$U$-statistics on bipartite exchangeable networks

TL;DR

This paper develops asymptotic theory for quadruplet U-statistics on bipartite exchangeable networks, enabling statistical inference such as parameter estimation and motif counting in network models.

Contribution

It introduces new asymptotic results for quadruplet U-statistics on bipartite exchangeable matrices and applies them to network inference in BEDD models.

Findings

Established weak convergence for quadruplet U-statistics.

Proved a central limit theorem for dissociated matrices.
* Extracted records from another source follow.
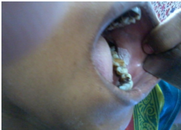
Fig. 1: Leukoplakia of oral cavity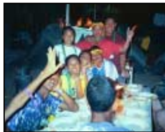
Thai Scouts are introduced to southern barbecue.

Scouts participated in cultural swaps ... eating with Scouts from different cultures every night ... service projects ("Do a Good Turn Daily"), swim-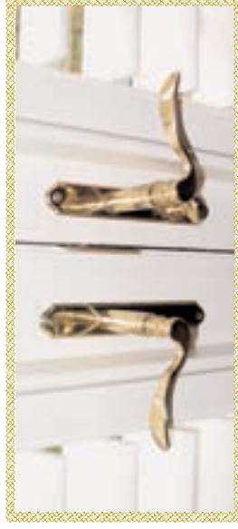
©2005 RAK LTD. "X-10-DOR", "RAK LTD" and RAK LTD logo are trademarks of RAK LTD. All other logos are trademarks of represented companies.

With that idea they created their first (X-10-DOR™) door handle extension design and started RAK LTD in 2000.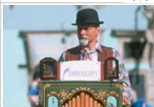
Fly to Warsaw with easyJet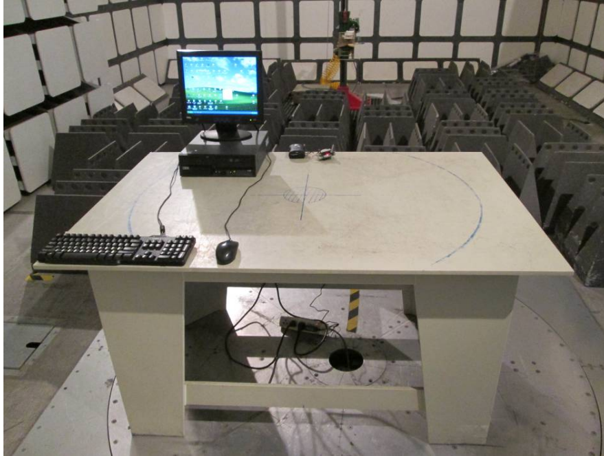
Radiated Emissions – Rear View (1-25 GHz)

Demonstrated applications in network parameter estimation and motif counting.

Abstract

Bipartite networks with exchangeable nodes can be represented by row-column exchangeable matrices. A quadruplet is a submatrix of size $2 \times 2$. A quadruplet $U$-statistic is the average of a function on a quadruplet over all the quadruplets of a matrix. We prove several asymptotic results for quadruplet $U$-statistics on row-column exchangeable matrices, including a weak convergence result in the general case and a central limit theorem when the matrix is also dissociated. These results are applied to statistical inference in network analysis. We suggest a method to perform parameter estimation, network comparison and motifs count for a particular family of row-column exchangeable network models: the bipartite expected degree distribution (BEDD) models. These applications are illustrated by simulations.